The National Social Security Fund (NSSF) has announced plans to sell a 27% stake in East African Portland Cement Plc (EAPC) to Kalahari Cement, in a transaction valued at Sh1.6 billion. The deal marks one of the most significant ownership restructurings in Kenya’s cement industry in recent years, and it signals a renewed push to revive the long-struggling cement manufacturer.
According to the agreement, Kalahari Cement will acquire 24 million shares at Sh66 each, giving the investor a substantial foothold in one of Kenya’s oldest cement companies. The sale is expected to inject new capital, stabilize EAPC’s financial position, and potentially reposition the company within a highly competitive construction materials market.
A Strategic Exit for NSSF
NSSF has been a major shareholder in East African Portland Cement for decades. However, the fund has faced mounting pressure to optimize its investment portfolio and strengthen returns for its members. The sale of its 27% shareholding represents a strategic shift toward divesting from underperforming state-linked firms and reallocating funds into more profitable ventures.
For several years, EAPC has struggled with:
- Deep financial losses
- Management instability
- Operational inefficiencies
- Debt accumulation
- Falling market share
By offloading its shares, NSSF reduces exposure to financial risk and frees up capital that can be redirected into growth-oriented investments.
Who Is Kalahari Cement?
Kalahari Cement is an emerging regional investor with ambitions to expand within East Africa’s construction and building materials market. The firm has shown interest in acquiring distressed industrial assets that have potential for recovery with the right capital and technical input.
The acquisition of a large stake in EAPC positions Kalahari as a new strategic player in the cement sector. The company is expected to focus on:
- Injecting capital into plant modernization
- Strengthening production and supply capacity
- Increasing competitiveness against market leaders
- Driving long-term restructuring and profitability
Implications for East African Portland Cement Plc
East African Portland Cement has faced persistent operational struggles, leading to declining output and financial distress. The entry of Kalahari Cement into the ownership structure provides a chance for the company to rebuild its business model and reclaim lost ground.
1. Fresh Capital Injection
With the Sh1.6 billion stake purchase, EAPC may soon receive new funds that can be invested in upgrading technology, repairing production lines, and addressing debt obligations.
2. Potential Leadership and Governance Reforms
New shareholders often push for stronger governance structures. Kalahari may advocate for improved accountability, performance-based management, and modern corporate practices to drive efficiency.
3. Increased Competitiveness
Kenya’s cement industry is dominated by Bamburi Cement, National Cement (Simba Cement), and Savannah Cement. With modernized infrastructure and strategic leadership, EAPC could regain its position as a major competitor.

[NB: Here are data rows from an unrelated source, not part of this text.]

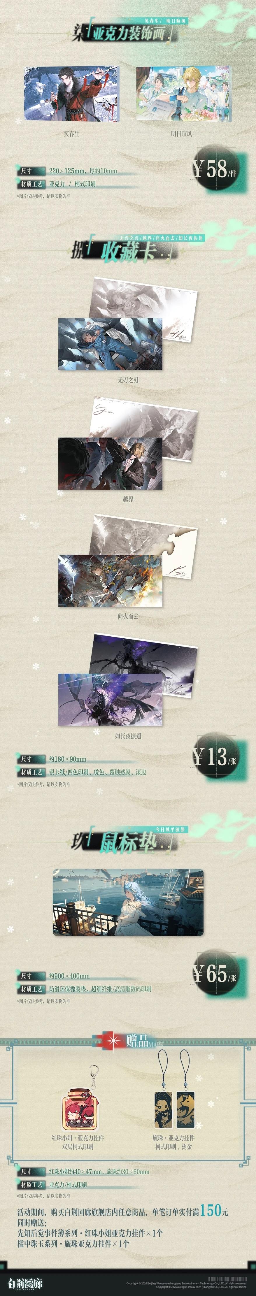 ※活动期间,购买白荆回廊旗舰店内任意商品,单笔订单实付满150元,同时赠送先知后觉事件簿系列·红珠小姐亚克力挂件×1个和槛中珠玉系列·旒珠亚克力挂件×1个
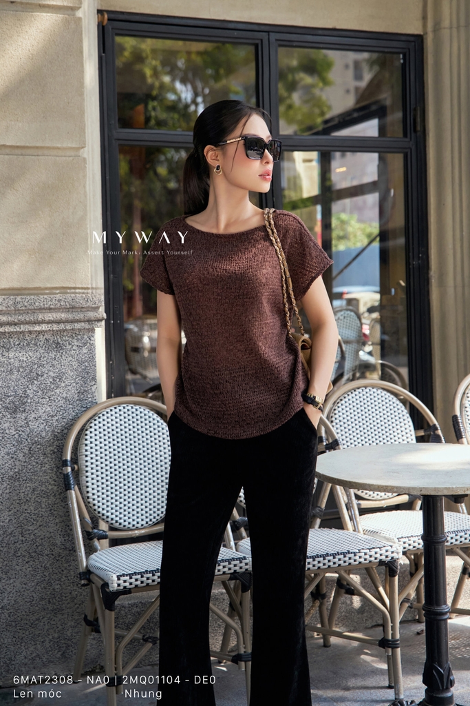 Áo kiểu dáng suông A với cổ thuyền và độ dài ngang mông mang đến vẻ đẹp nhẹ nhàng, tinh tế nhưng vẫn đầy phong cách. Được thiết kế từ chất liệu len móc nhập khẩu cao cấp đã qua xử lý kỹ lưỡng, sản phẩm giữ phom chuẩn chỉnh, bề mặt dệt họa tiết tinh xảo trong tông nâu trầm sang trọng, gợi cảm giác ấm áp và hiện đại. Tay ngắn tạo sự năng động, dễ ứng dụng trong nhiều hoàn cảnh từ công sở, dạo phố đến những buổi trà chiều thanh lịch. Điểm nhấn nằm ở phom suông tự nhiên kết hợp cùng chất liệu len dệt họa tiết, giúp áo vừa thoải mái vừa tôn dáng, dễ phối cùng quần suông, chân váy hoặc quần jeans để tạo phong cách đa dạng.
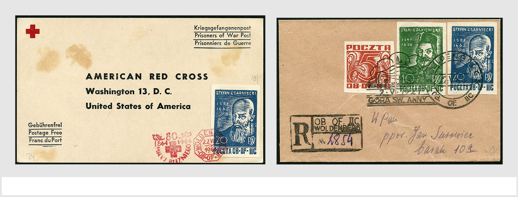 POOLSE KAMPPOST 1942-1945, mooie collectie van de kampen Murnau, Grossborn en Woldenberg wb. mooie Houtsnedes, enkele blokken en 19 poststukken. Zeldzaam materiaal met hoge waarde!
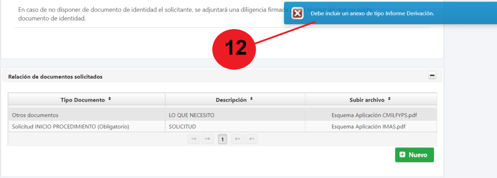 Es importante que adjunte obligatoriamente los documentos que están marcados como obligatorios de no ser así, el sistema no le dejará continuar con la presentación mostrándole el siguiente mensaje (12).

4. Revival of Athi River Operations
EAPC’s Athi River plant has long struggled with aging machinery and maintenance issues. Kalahari’s entry could lead to renewed investment in the facility, boosting production volumes.
Impact on Kenya’s Cement Market
The transaction is likely to have ripple effects across the cement sector. An improved and revitalized Portland Cement would shift market dynamics, particularly in Nairobi, Central Kenya, and regional export markets.
Moreover:
- Increased production could stabilize cement supply
- Prices may become more predictable
- Employment levels at EAPC may be preserved or improved
- New investor confidence could attract additional capital into the manufacturing industry
Share Sale Details and Valuation
NSSF will sell:
- 24,000,000 shares
- At a price of Sh66 per share
- Total value: Sh1.584 billion (rounded to Sh1.6 billion)
The valuation represents confidence by Kalahari Cement that EAPC can be turned around despite its challenges. Market analysts will watch closely to see whether this acquisition becomes a long-term success story or another struggle in Kenya’s competitive cement market.
Government and Regulatory Considerations
Because EAPC is partially government-owned, the transaction must comply with:
- Capital Markets Authority (CMA) regulations
- Competition Authority of Kenya (CAK) approvals
- Public investment guidelines
Regulators will evaluate whether the acquisition affects market dominance and ensures fair competition. They will also review the buyer’s financial capacity and long-term plans for the cement firm.
What This Means for NSSF Members
For NSSF contributors, the sale improves the fund’s strategic posture. It reduces exposure to loss-making state corporations and unlocks capital that can be invested in more profitable ventures such as real estate, government securities, and blue-chip stocks. In the long term, this could improve the fund’s financial performance and its ability to pay members efficiently.